From the first line of the data below through the line holding "Add a contemporary", output each line exactly and leave the pictures out.

══ DATA FOR THIS TASK ══

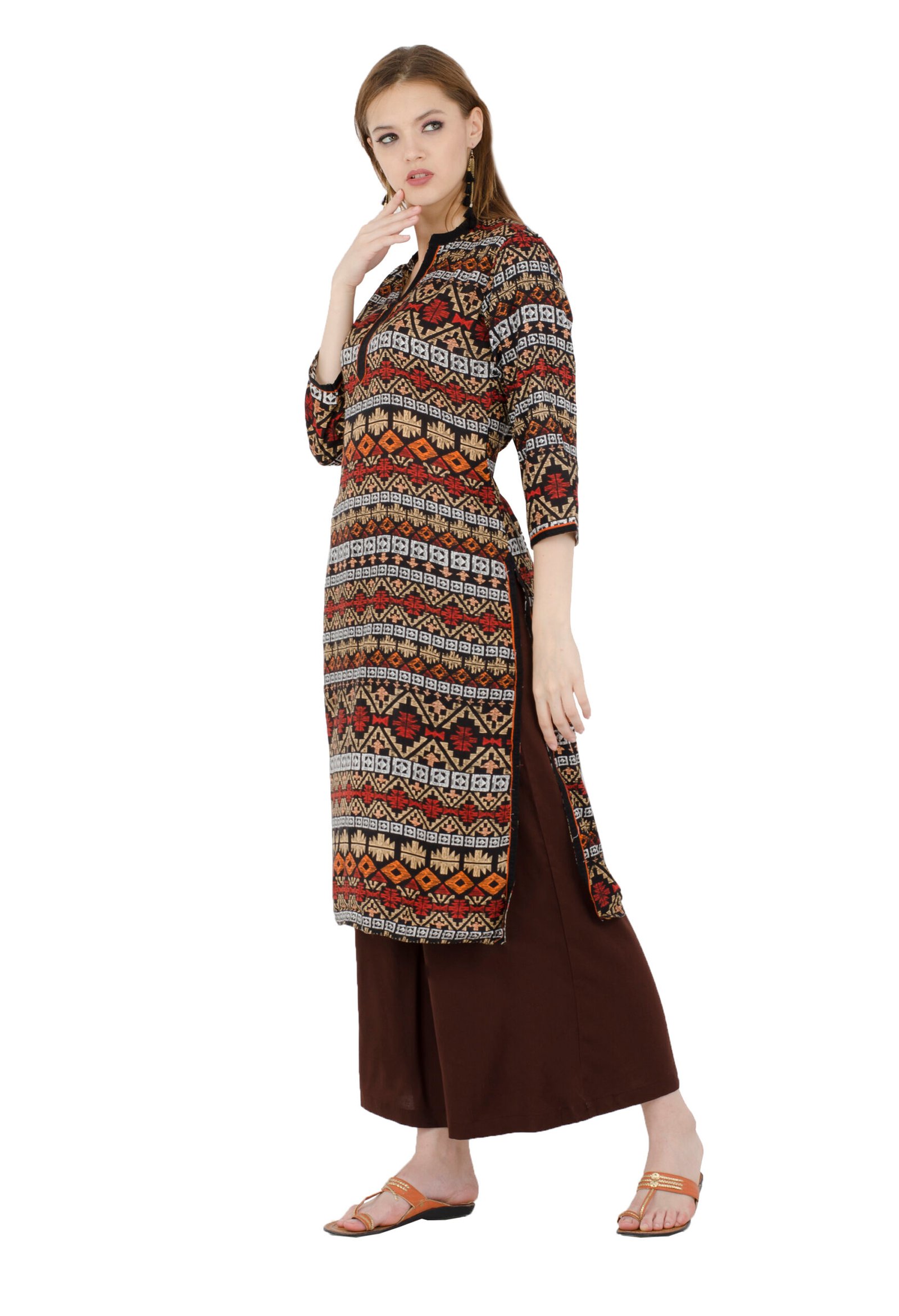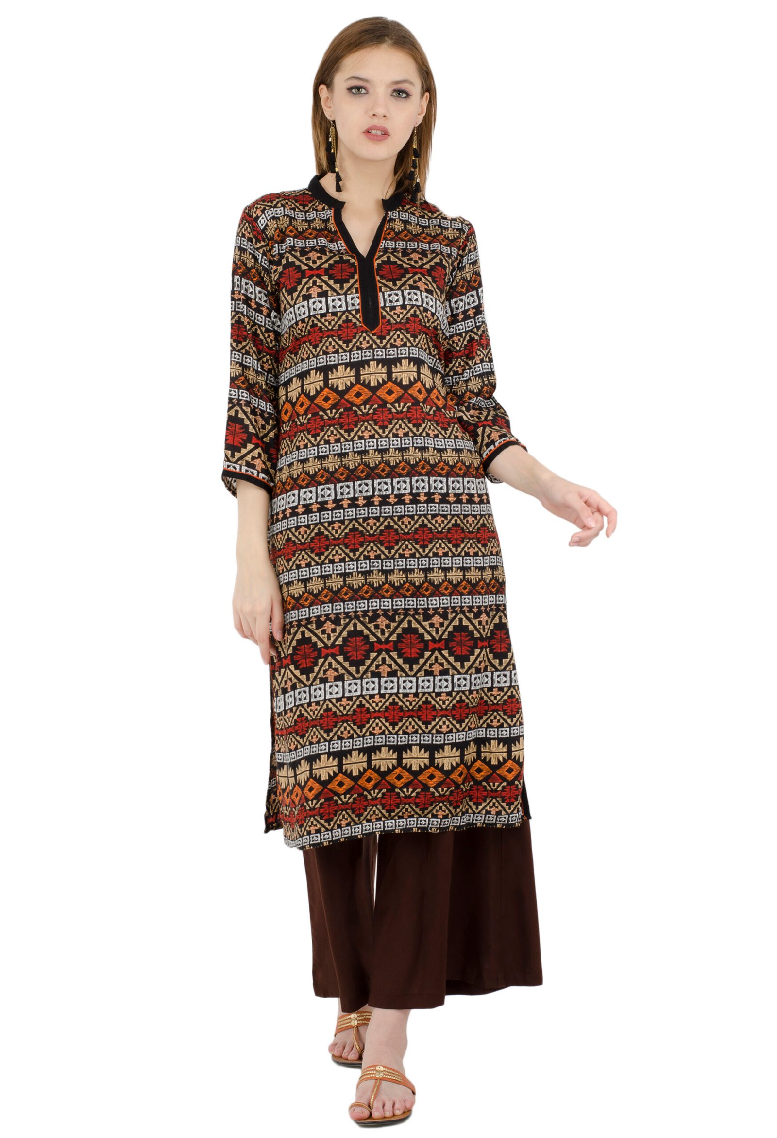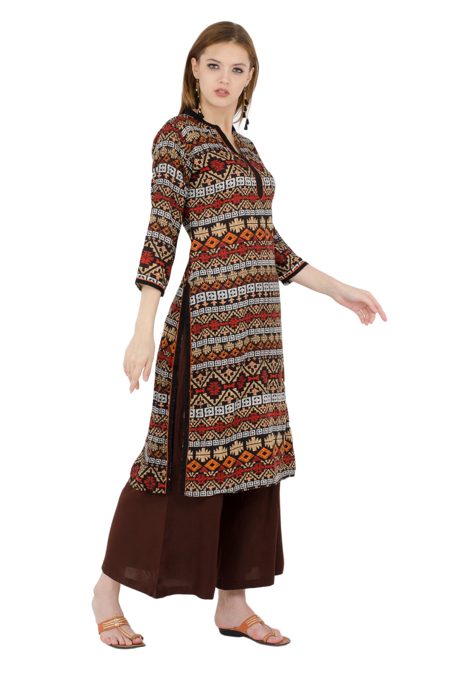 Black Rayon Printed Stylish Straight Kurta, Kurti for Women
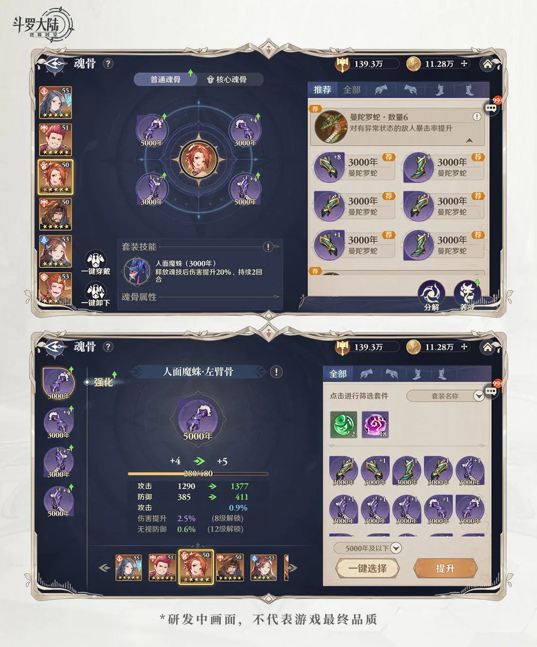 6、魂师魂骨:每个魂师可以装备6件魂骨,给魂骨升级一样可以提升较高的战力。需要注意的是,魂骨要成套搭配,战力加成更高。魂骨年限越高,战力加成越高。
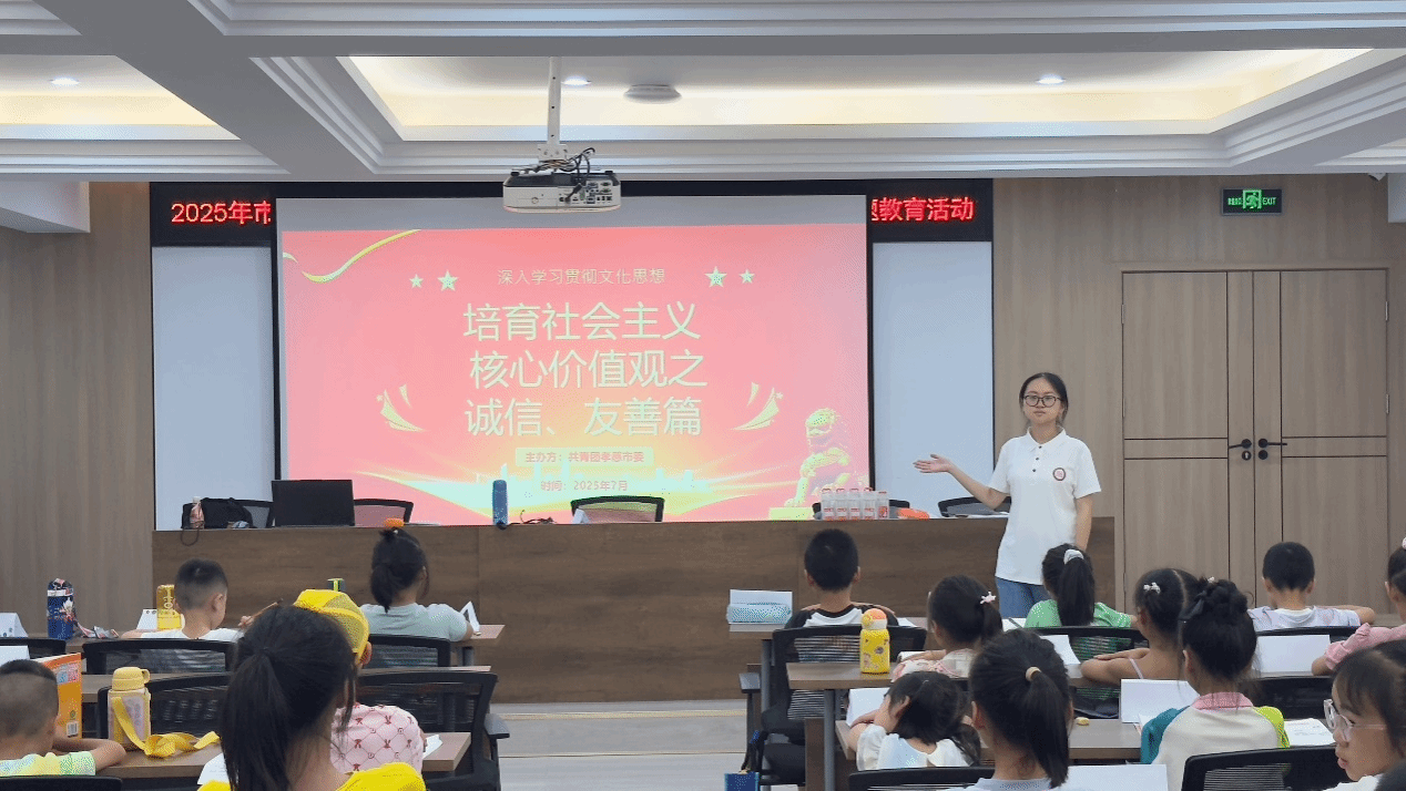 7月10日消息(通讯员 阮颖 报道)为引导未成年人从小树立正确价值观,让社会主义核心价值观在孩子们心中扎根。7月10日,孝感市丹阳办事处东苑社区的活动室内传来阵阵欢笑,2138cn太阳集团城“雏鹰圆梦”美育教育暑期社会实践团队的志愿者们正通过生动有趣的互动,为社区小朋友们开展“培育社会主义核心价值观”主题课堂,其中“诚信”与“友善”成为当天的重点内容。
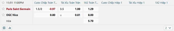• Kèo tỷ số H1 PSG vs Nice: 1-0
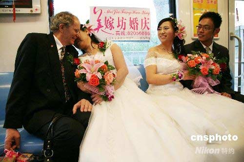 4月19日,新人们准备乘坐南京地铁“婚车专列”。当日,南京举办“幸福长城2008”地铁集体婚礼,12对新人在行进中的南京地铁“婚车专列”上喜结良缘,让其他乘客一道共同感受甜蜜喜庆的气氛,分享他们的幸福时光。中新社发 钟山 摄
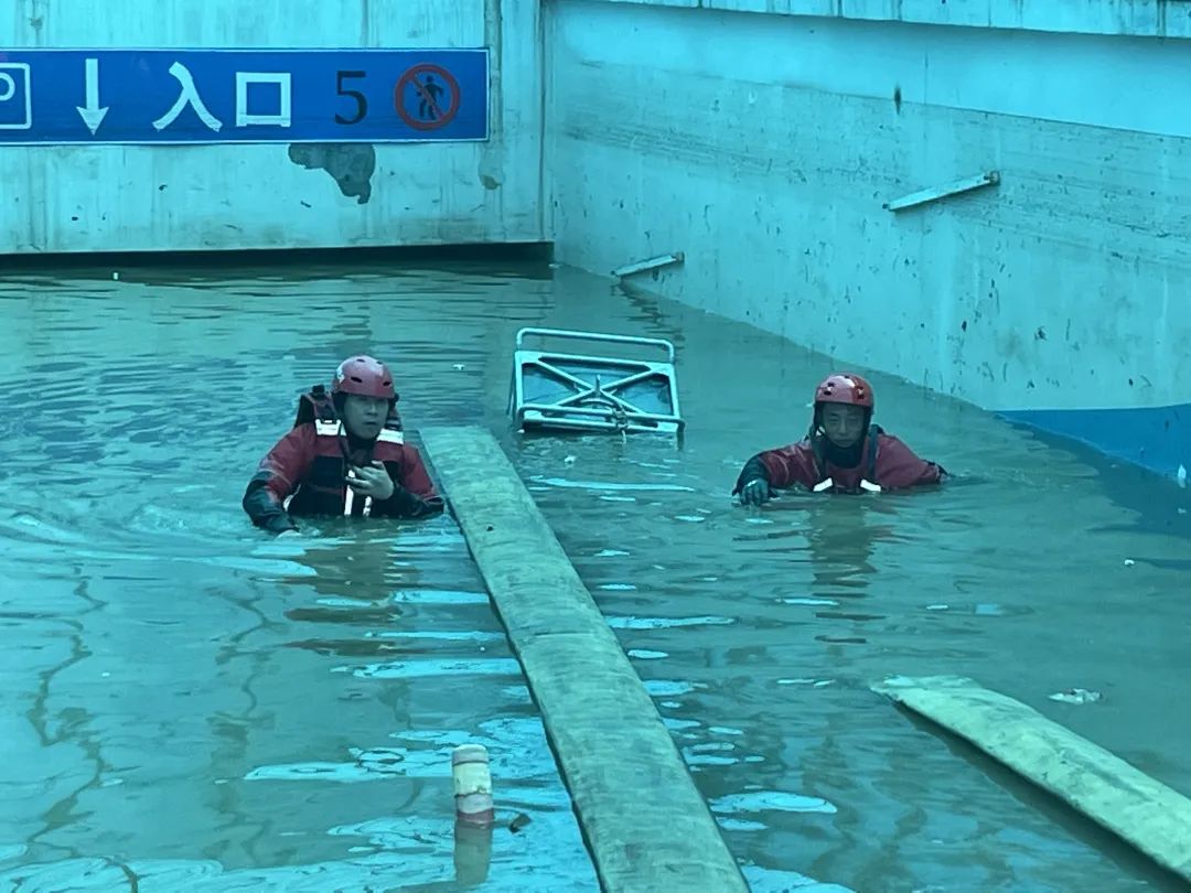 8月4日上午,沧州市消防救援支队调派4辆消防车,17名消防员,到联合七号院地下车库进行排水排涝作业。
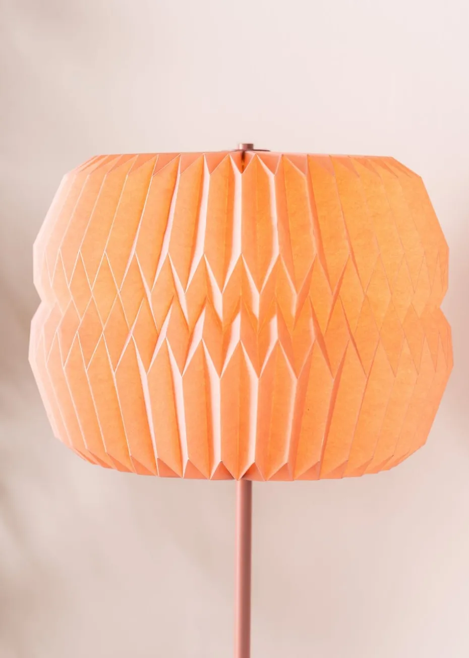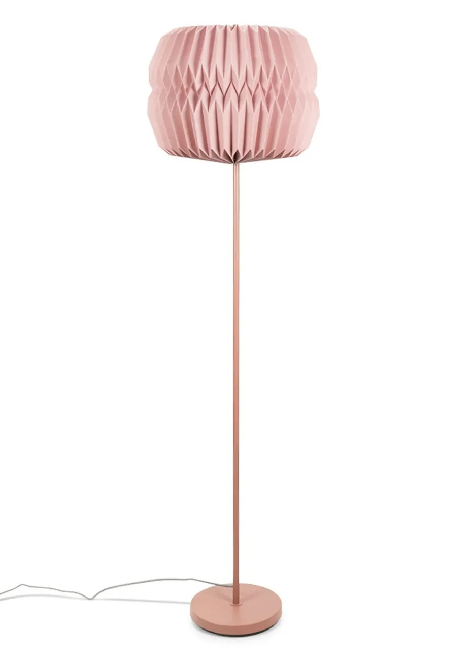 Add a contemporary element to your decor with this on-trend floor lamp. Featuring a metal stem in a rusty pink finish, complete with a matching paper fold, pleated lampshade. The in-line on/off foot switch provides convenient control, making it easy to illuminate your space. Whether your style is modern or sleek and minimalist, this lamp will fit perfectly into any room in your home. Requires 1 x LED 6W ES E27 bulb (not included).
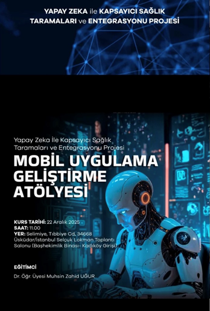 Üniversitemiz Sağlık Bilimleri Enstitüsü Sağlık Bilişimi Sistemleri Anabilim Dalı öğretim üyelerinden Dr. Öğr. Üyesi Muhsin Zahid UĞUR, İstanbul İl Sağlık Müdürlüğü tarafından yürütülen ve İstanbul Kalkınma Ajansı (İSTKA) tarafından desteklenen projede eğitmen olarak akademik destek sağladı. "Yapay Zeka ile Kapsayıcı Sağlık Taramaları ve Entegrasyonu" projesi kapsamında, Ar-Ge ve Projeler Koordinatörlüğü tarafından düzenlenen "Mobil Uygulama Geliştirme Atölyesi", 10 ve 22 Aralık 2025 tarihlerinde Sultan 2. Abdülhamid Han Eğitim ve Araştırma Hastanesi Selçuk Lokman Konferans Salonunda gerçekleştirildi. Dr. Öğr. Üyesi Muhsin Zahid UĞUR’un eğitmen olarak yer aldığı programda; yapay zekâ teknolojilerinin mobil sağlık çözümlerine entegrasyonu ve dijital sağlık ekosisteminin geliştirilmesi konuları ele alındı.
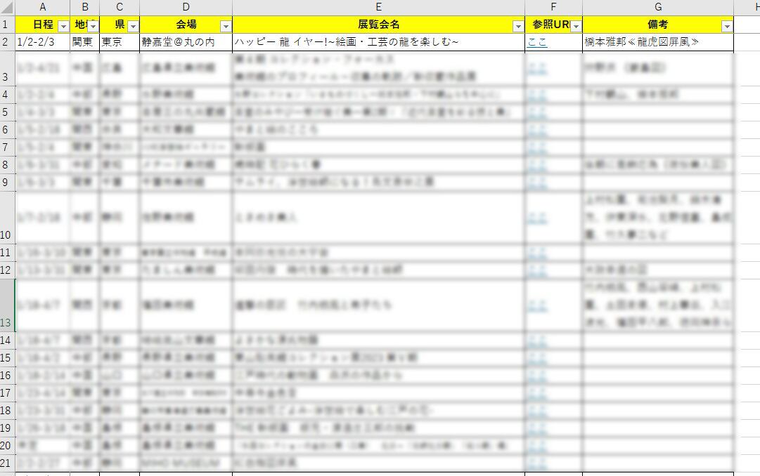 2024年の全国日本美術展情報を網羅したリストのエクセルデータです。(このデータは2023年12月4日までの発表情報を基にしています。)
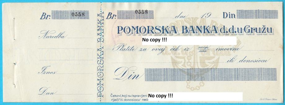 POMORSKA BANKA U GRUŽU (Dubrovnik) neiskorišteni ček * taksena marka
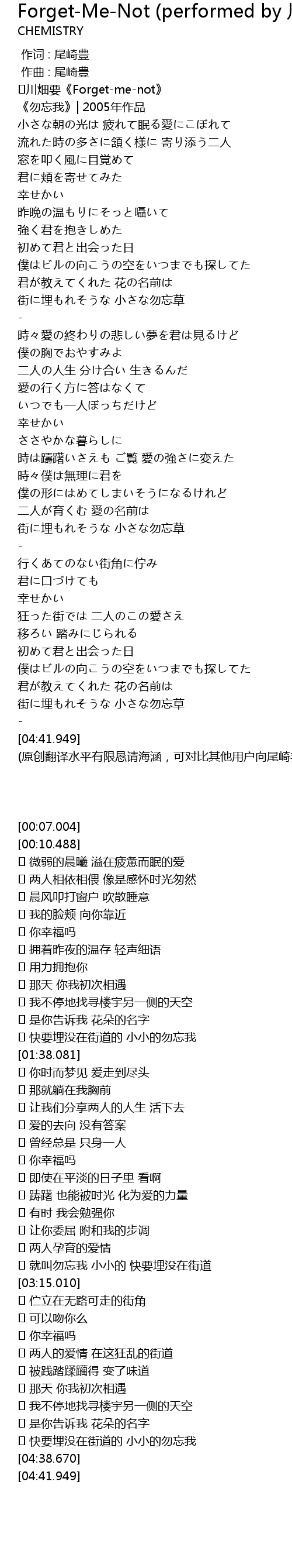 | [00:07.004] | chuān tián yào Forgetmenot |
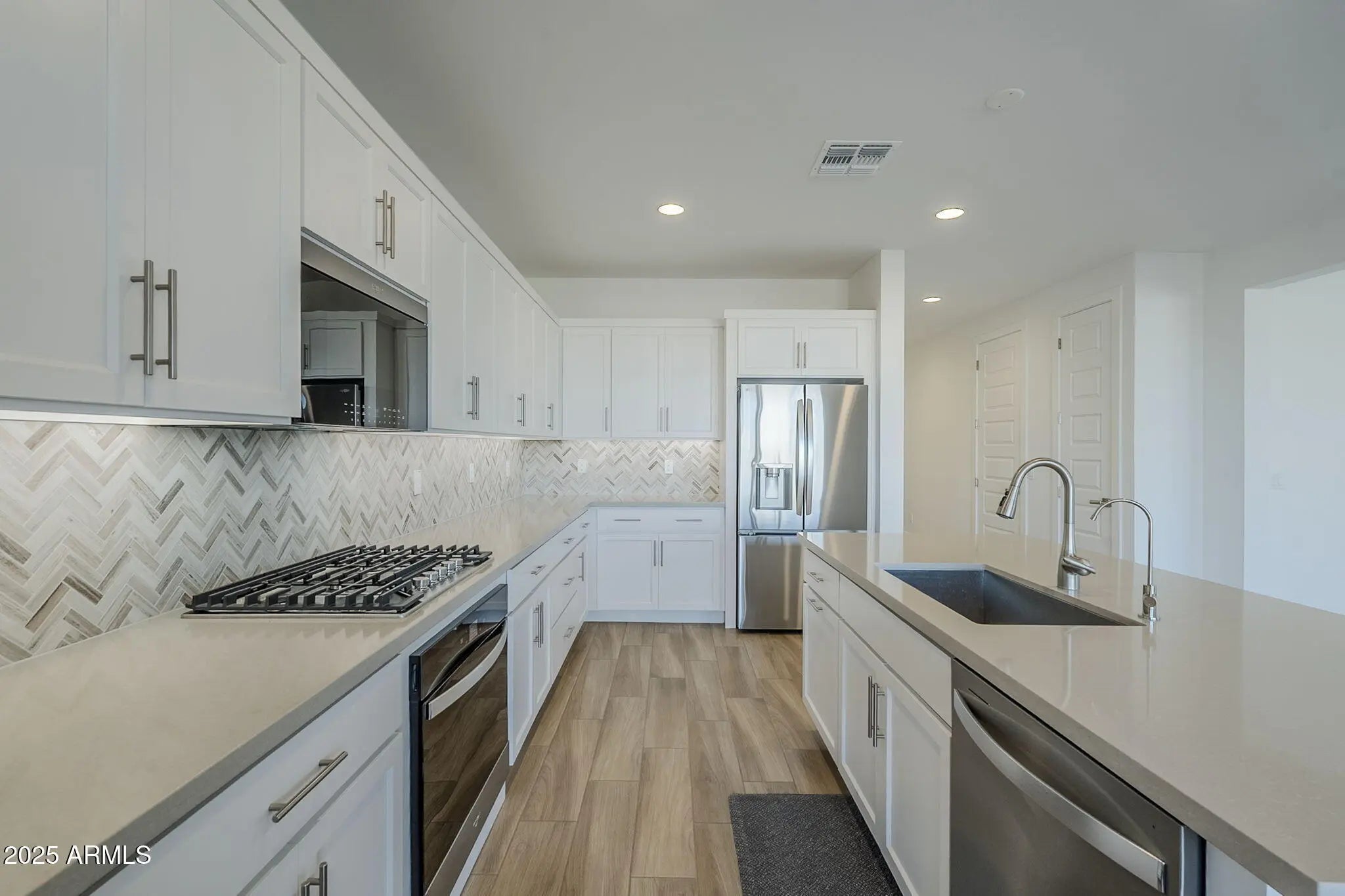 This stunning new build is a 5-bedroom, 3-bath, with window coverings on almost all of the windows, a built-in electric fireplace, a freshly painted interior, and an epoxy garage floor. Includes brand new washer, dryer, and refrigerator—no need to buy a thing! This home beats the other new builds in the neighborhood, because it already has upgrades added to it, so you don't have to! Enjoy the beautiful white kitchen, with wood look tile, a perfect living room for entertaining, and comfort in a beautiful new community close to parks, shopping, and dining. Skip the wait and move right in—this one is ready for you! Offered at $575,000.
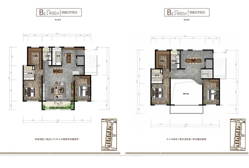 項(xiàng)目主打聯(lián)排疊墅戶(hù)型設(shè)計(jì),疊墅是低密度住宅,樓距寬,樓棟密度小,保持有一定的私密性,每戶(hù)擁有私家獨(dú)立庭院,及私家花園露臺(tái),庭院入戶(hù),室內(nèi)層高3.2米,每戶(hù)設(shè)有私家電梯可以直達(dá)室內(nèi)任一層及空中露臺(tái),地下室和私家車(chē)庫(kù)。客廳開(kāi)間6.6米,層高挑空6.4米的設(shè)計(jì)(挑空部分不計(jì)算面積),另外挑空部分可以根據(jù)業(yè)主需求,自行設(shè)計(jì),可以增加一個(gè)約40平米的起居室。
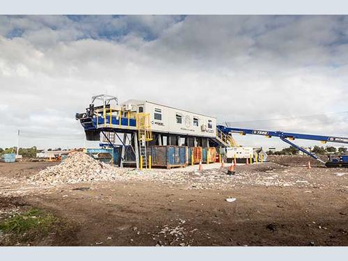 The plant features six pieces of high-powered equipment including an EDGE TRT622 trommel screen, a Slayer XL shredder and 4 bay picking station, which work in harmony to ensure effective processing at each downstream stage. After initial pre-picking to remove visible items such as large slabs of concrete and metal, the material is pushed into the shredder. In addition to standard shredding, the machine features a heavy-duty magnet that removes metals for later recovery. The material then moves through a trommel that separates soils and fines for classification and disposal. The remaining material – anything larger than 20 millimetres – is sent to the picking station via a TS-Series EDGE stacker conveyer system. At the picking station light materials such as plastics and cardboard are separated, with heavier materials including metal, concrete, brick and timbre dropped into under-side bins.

═══

_TASK RESPONSE_
 Black Rayon Printed Stylish Straight Kurta, Kurti for Women
 6、魂师魂骨:每个魂师可以装备6件魂骨,给魂骨升级一样可以提升较高的战力。需要注意的是,魂骨要成套搭配,战力加成更高。魂骨年限越高,战力加成越高。
 7月10日消息(通讯员 阮颖 报道)为引导未成年人从小树立正确价值观,让社会主义核心价值观在孩子们心中扎根。7月10日,孝感市丹阳办事处东苑社区的活动室内传来阵阵欢笑,2138cn太阳集团城“雏鹰圆梦”美育教育暑期社会实践团队的志愿者们正通过生动有趣的互动,为社区小朋友们开展“培育社会主义核心价值观”主题课堂,其中“诚信”与“友善”成为当天的重点内容。
• Kèo tỷ số H1 PSG vs Nice: 1-0
 4月19日,新人们准备乘坐南京地铁“婚车专列”。当日,南京举办“幸福长城2008”地铁集体婚礼,12对新人在行进中的南京地铁“婚车专列”上喜结良缘,让其他乘客一道共同感受甜蜜喜庆的气氛,分享他们的幸福时光。中新社发 钟山 摄
 8月4日上午,沧州市消防救援支队调派4辆消防车,17名消防员,到联合七号院地下车库进行排水排涝作业。
 Add a contemporary element to your decor with this on-trend floor lamp. Featuring a metal stem in a rusty pink finish, complete with a matching paper fold, pleated lampshade. The in-line on/off foot switch provides convenient control, making it easy to illuminate your space. Whether your style is modern or sleek and minimalist, this lamp will fit perfectly into any room in your home. Requires 1 x LED 6W ES E27 bulb (not included).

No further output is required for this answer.